To ascertain the mass in grams of 4.50 x 10^22 atoms of oxygen, we integrate the molar mass of oxygen (16.00 g/mol) and Avogadro's number (6.022 x 10^23 atoms/mol). Employing the formula Mass (g) = Number of atoms × (Molar mass (g/mol) ÷ Avogadro's number), we substitute the provided values to compute the mass. This yields 1.44 x 10^-21 grams, corresponding to option d) 1.44 x 10^-21 grams.

Explanation

To ascertain the mass in grams of 4.50 x 10^22 atoms of oxygen, we integrate the molar mass of oxygen (16.00 g/mol) and Avogadro's number (6.022 x 10^23 atoms/mol). Employing the formula Mass (g) = Number of atoms × (Molar mass (g/mol) ÷ Avogadro's number), we substitute the provided values to compute the mass. This yields 1.44 x 10^-21 grams, corresponding to option d) 1.44 x 10^-21 grams.

12. How many atoms are there in 18.02 g of H₂O? (Hint: How many atoms are the in each molecule of H₂O?)

1.8 x 10^23 atoms

6.02 x 10^24 atoms

1.8 x 10^24 atoms

6.02 x 10^23 atoms

Explanation

13. What is the mass in grams of 4.20 x 10^23 atoms of sulfur (S)? (Molar mass of sulfur is 32.07 g/mol)

5.55 x 10^-21 grams

2.62 x 10^-20 grams

4.77 x 10^-21 grams

2.54 x 10^-20 grams

To determine the mass in grams of 4.20 x 10^23 atoms of sulfur, we integrate the molar mass of sulfur (32.07 g/mol) and Avogadro's number (6.022 x 10^23 atoms/mol). Applying the formula Mass (g) = Number of atoms × (Molar mass (g/mol) ÷ Avogadro's number), we substitute the provided values to compute the mass. This yields 2.62 x 10^-20 grams, corresponding to option b) 2.62 x 10^-20 grams.

Explanation

To determine the mass in grams of 4.20 x 10^23 atoms of sulfur, we integrate the molar mass of sulfur (32.07 g/mol) and Avogadro's number (6.022 x 10^23 atoms/mol). Applying the formula Mass (g) = Number of atoms × (Molar mass (g/mol) ÷ Avogadro's number), we substitute the provided values to compute the mass. This yields 2.62 x 10^-20 grams, corresponding to option b) 2.62 x 10^-20 grams.
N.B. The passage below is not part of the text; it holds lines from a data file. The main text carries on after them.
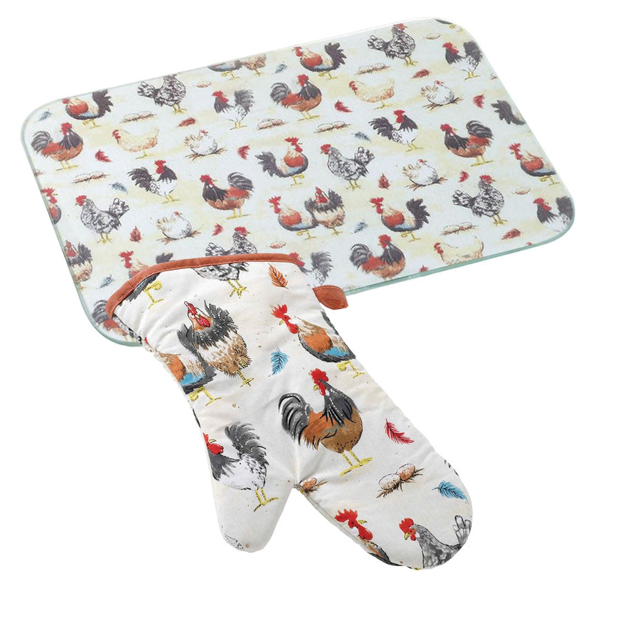 Stow Green Rooster Worktop Protector & Oven Gauntlet Set
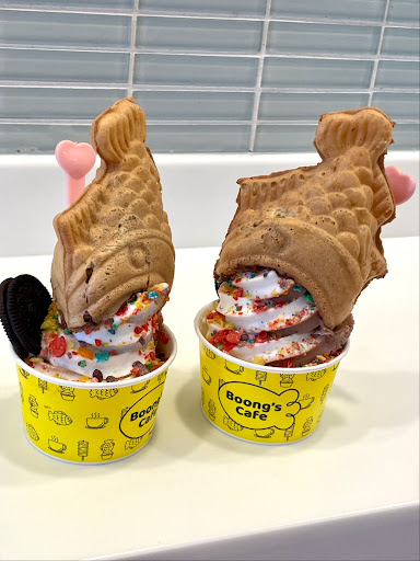 We both got the Boongโs Taiyaki with Nutella spread, swirl ice cream (vanilla /chocolate), fruity pebbles (a courtesy single oreo cookie provided). It was decadent and so delicious ๐ The size was a good portion.
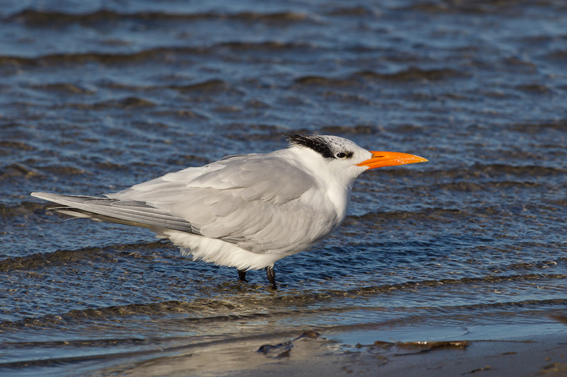 | The Royal Tern (Sterna maxima) is pretty much strictly a coastal tern and is only rarely found far from salt water. It can be common on the Atlantic and Gulf coasts of the United States as well as parts of the California coast at certain times of the year. It is also found along the coasts of both Central and South America. The first eleven shots here were taken on Sanibel Island, Lee Co., Florida in November, 2006, with a Canon EOS 1D Mark II and EF 500mm F/4 L IS lens. | ![]() |

14. How many atoms are there in 2.00 g of chlorine (Cl)? (Molar mass of chlorine is 35.45 g/mol)

3.38 x 10^22 atoms

1.13 x 10^23 atoms

1.14 x 10^22 atoms

6.02 x 10^23 atoms

Determining the number of atoms in 2.00 g of chlorine initiates by incorporating the molar mass of chlorine (35.45 g/mol) and Avogadro's number (6.022 x 10^23 atoms/mol). Utilizing the formula Number of atoms = (Mass (g) ÷ Molar mass (g/mol)) × Avogadro's number, we input the given values to calculate the number of atoms. Consequently, the result is 1.13 x 10^23 atoms, which aligns with option b) 1.13 x 10^23 atoms.

Explanation

Determining the number of atoms in 2.00 g of chlorine initiates by incorporating the molar mass of chlorine (35.45 g/mol) and Avogadro's number (6.022 x 10^23 atoms/mol). Utilizing the formula Number of atoms = (Mass (g) ÷ Molar mass (g/mol)) × Avogadro's number, we input the given values to calculate the number of atoms. Consequently, the result is 1.13 x 10^23 atoms, which aligns with option b) 1.13 x 10^23 atoms.
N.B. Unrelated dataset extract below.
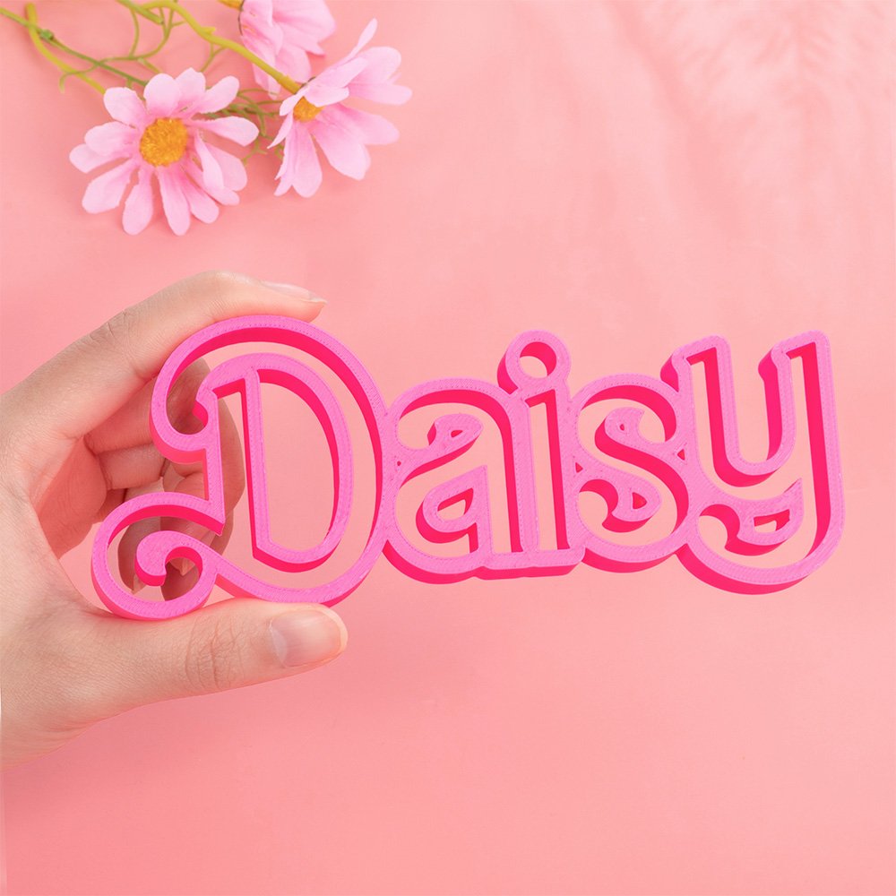 Crafted using high-quality 3D printing technology, this nameplate is durable and made to last. The nameplate is 3D printed to create a unique, dimensional effect for the letters. It has a glossy finish, the perfect size to show off her name in any room. The back has a flat back so it sits upright on any flat surface.

15. What is the mass in grams of 3.01 x 10^24 atoms of carbon (C)? (Molar mass of carbon is 12.01 g/mol)

2.50 x 10^-24 grams

5.02 x 10^-23 grams

5.02 x 10^-22 grams

3.01 x 10^24 grams

To determine the mass in grams of 3.01 x 10^24 atoms of carbon, we first utilize the concept of molar mass, representing the mass of one mole of a substance. Carbon's molar mass is 12.01 g/mol. We then employ Avogadro's number, which states that one mole of any substance contains 6.022 x 10^23 atoms. Using the formula Mass (g) = Number of atoms × (Molar mass (g/mol) ÷ Avogadro's number), we substitute the given values to calculate the mass. Consequently, the result is 5.02 x 10^-22 grams, corresponding to option c) 5.02 x 10^-22 grams.

Explanation

To determine the mass in grams of 3.01 x 10^24 atoms of carbon, we first utilize the concept of molar mass, representing the mass of one mole of a substance. Carbon's molar mass is 12.01 g/mol. We then employ Avogadro's number, which states that one mole of any substance contains 6.022 x 10^23 atoms. Using the formula Mass (g) = Number of atoms × (Molar mass (g/mol) ÷ Avogadro's number), we substitute the given values to calculate the mass. Consequently, the result is 5.02 x 10^-22 grams, corresponding to option c) 5.02 x 10^-22 grams.